When the Parthian wars began near the end of Trajan’s life, it was Hadrian as commander in Syria who became his chief general, for the clever and experienced Hadriantruly was the best officer in the Roman Army. Shortly before he died, Trajan adopted Hadrian and named him his successor.

A day or so after Trajan’s death, the Roman Army proclaimed 41-year-old Hadrian as the new emperor, and his reign was under way.

WHY A WALL?

Hadrian knew the east of the empire well, but not the far west. He travelled through Gaul to Britain in 121/122 and there he was told of the fierce barbarians to the north, so often portrayed on page and screen as savage Celts, who frequently raided south deep into Roman Britain.

These “barbarians” were most likely the Picts who then occupied most of what is now Scotland.

As someone who commissioned or oversaw the building of bridges, aqueducts and temples and who made the Pantheon the greatest building in Rome – it survives largely intact even now – the solution to the northern problem was simple. He would keep out the barbarians, and thus ordered the construction of a wall right across the “waist” of Britain from Luguvalium to Coria, or Carlisle to Corbridge as we know them.

The story is told that he was informed that it couldn’t be done – Hadrian went to Eboracum (York) and supposedly drew up the first plans himself.

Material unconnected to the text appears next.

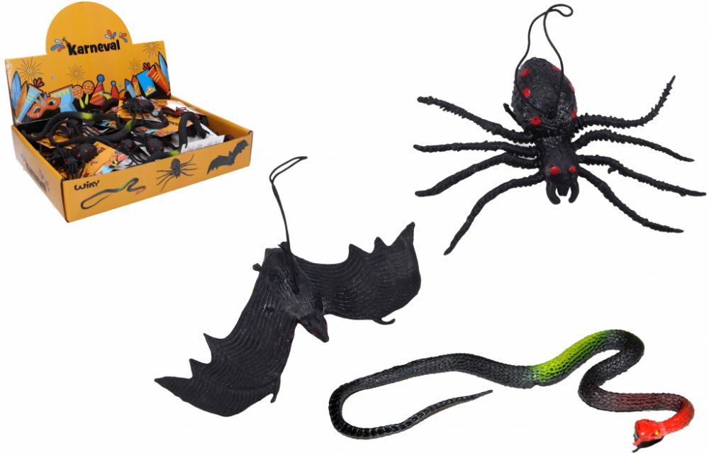 *gumový černý netopýr *po pověšení se za připnuté poutko bude třepotat*nezbytná dekorace pro halloween a čarodějnickou výzdobu Gumový černý netopýr se po pověšení za připnuté poutko bude třepotat. Zábavná dekorace pro halloween a čarodějnickou výzdobu.

For the first time, the inhabitants of what we know as Scotland knew they had a southern limit – not that it stopped them invading anyway. It was 73 miles long and in places was up to 12 ft high and 20ft wide, with forts and fortlets spread out along the wall. It remains the largest Roman artefact still extant in the world.

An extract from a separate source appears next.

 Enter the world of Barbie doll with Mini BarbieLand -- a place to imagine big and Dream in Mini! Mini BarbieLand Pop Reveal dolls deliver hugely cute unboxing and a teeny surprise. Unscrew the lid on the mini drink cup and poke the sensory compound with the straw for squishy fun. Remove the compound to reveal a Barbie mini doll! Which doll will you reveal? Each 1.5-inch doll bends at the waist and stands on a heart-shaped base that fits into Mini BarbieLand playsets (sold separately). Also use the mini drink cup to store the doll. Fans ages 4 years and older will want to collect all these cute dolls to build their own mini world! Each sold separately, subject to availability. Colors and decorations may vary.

WAS IT REALLY THE FIRST SOUTHERN BORDER OF SCOTLAND?

Never officially called the border, the Wall still marked the extent of the Roman Empire with everything south being Roman Britain, especially after the Antonine Wall between the Clyde and Forth was abandoned only eight years after it was completed in 154. And the Romans did not leave until the 5th century.

So for centuries, everything north of Hadrian’s Wall was seen as the land of the barbarians, and that is why, when the land we know as England was invaded by the Angles, Saxon, Jutes, Danes and Norsemen, the peoples north of the Wall were left to their own devices.

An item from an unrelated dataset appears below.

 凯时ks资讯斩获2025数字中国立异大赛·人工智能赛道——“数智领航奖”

SO THE ROMANS NEVER REALLY CONQUERED US?

It has been argued that no one has ever really “conquered” Scotland in that the country we think of as Scotland did not really come into being until the Picts and Scots joined together and later took back Strathclyde and the Lothians from the Britons and the Northumbrians respectively – it was only in 1018 that the Battle of Carham finally confirmed the land north of the Tweed on the east coast as part of Scotland. Various English kings claimed “overlordship” of Scotland, but the man who came closest to conquering this land was a commoner, Oliver Cromwell, and even he left alone the far north and the Hebridean islands.

Hadrian died in 138, having defined the limits of the Roman Empire in the West, limits that did not include Scotland, and we should be grateful to him, for it took a man of genius to realise that the people of this land are different from those south of his Wall.